La deuxième assemblée plénière de la Conférence des Evêques de Madagascar s'est déroulée à Ambatoroka du 07 au 15 novembre 2019. Les évêques ont abordé le sujet sur la protection de la "maison commune" une exhortation du Pape François lors sa visite apostolique à Madagascar.
A la fin de l'assemblée, ils ont adressé un message pour tous les chrétiens et aux hommes de bonne volonté pour sauvegarder l'environnement, la vie et le droit humain ainsi que la foi chrétienne. Voici le message intégral, intitulé:
"Espérant contre toute espérance, il crut" (Rom 4, 18)
La Paix soit avec vous !
Nous rendons grâce au Dieu Trinité, car la Visite Apostolique parmi nous du Pape François, notre Père à tous, s’est déroulée dans les meilleurs conditions ; et c’est une joie pour nous, vos évêques, de mettre en commun ici les précieuses richesses spirituelles contenues dans tous les messages qu’il nous a transmis. Il a reconnu l’importance de nos valeurs ancestrales, à savoir le Fihavanana, ce qui nous permet d’approfondir l’objectif qu’il cherche à atteindre en tant que chef de l’Église universelle : « Préserver la maison commune », surtout la nôtre, ici à Madagascar.

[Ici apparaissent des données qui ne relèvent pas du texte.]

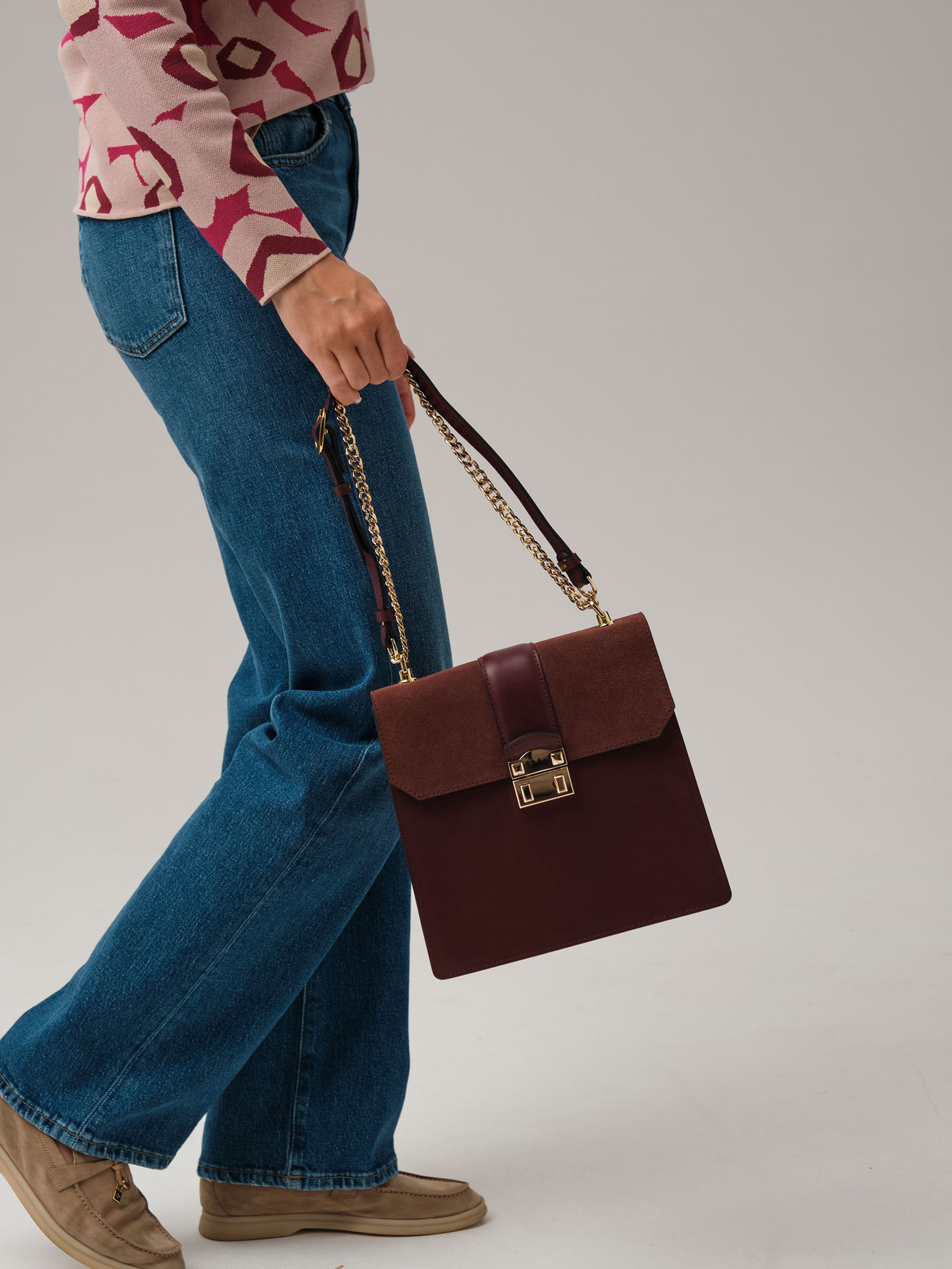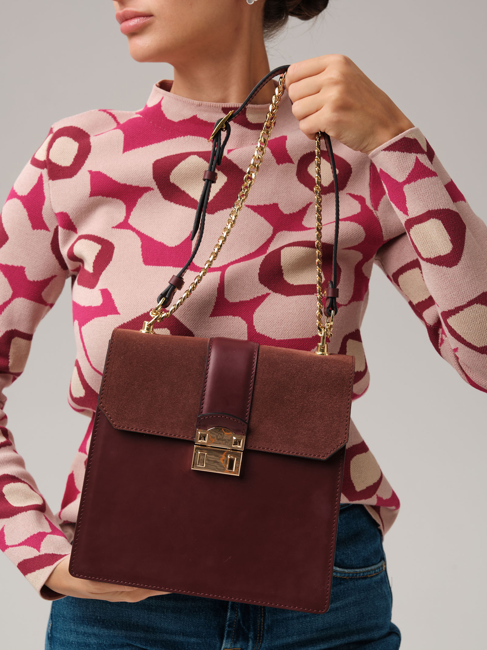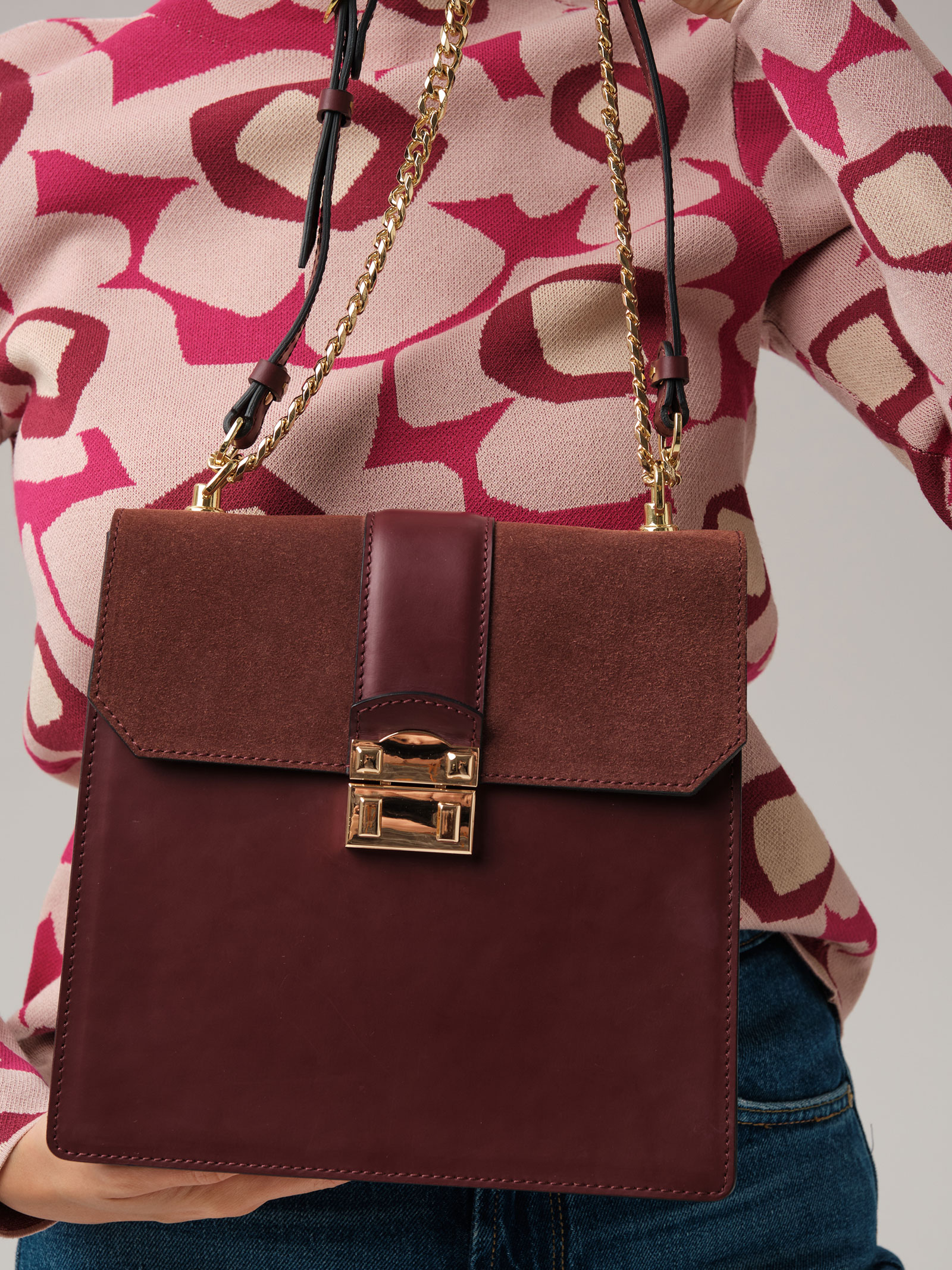 Детали: натуральная кожа, натуральная замша, несъемный регулируемый ремень из комбинации цепочки и кожи, 1 внутреннее отделение на хлопковой водонепроницаемой подкладке, 1 внутренний закрытый карман на молнии, клапан с внутренней отделкой из натуральной замши, застежка на замок-вертушку.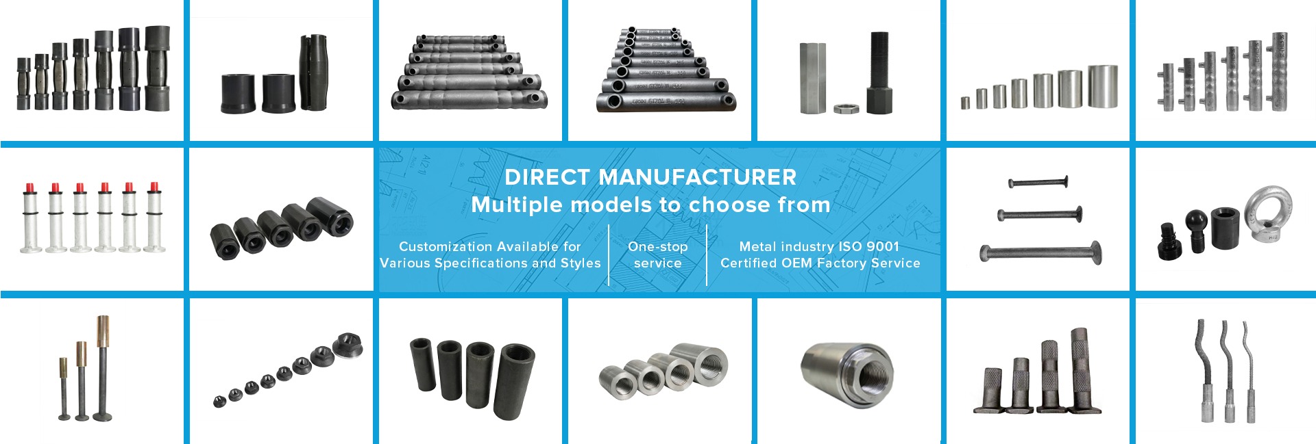 Productos principales:Acoplador de barras de refuerzo, pieza incrustada de hormigón, anclaje de barras de refuerzo, equipo de prensado de mangas de barras de refuerzo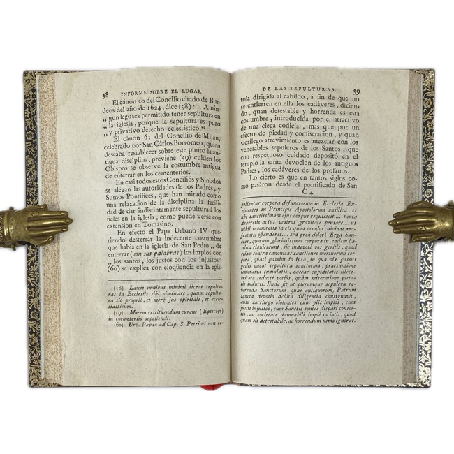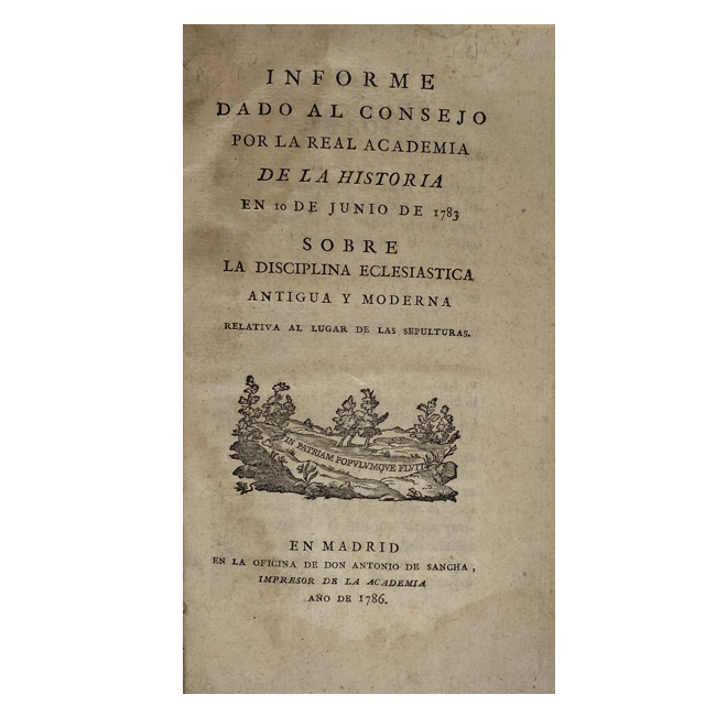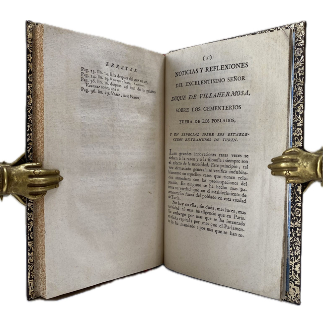 8º. [1] h., lxi, 103 p., viii. Encuadernación siglo XX en tafilete oscuro; marco ornamental en dorado en ambas tapas; tejuelos y nervios realzados en lomo; hierros dorados en bordes interiores de tapas. La portada lleva grabada una viñeta alegórica; excelente impresión sobre papel de hilo verjurado. Este ejemplar está en impecable estado, aunque se encuentra falto de las tres láminas que debía contener, cosa bastante común ya que parte de la edición quedó en rama y fue comercializada posteriormente sin incluir las láminas. Al final se han incluido estas láminas en facsímil. (Las h. de grabado calcográfico: “Delineado por Dámaso Santos Martinez. Grabado por Manuel Rodz” son un plano de las sepulturas, un plano del terreno y un alzado de las fachadas del diseño de los cementerios públicos de Turín.)

1.- Préserver l’environnement
Notre île, Madagascar, est belle et merveilleuse. Bénie de Dieu, elle est riche en ressources naturelles minières, terrestres ou marines. Son climat est encore supportable pour la plupart. À la campagne, l’air est pur et vivifiant. Le pape François a été stupéfait par la beauté et les richesses naturelles que l’on trouve chez nous, et il a ajouté qu’elles valorisent l’« âme malgache ».
Quelle est donc réellement notre situation actuelle ?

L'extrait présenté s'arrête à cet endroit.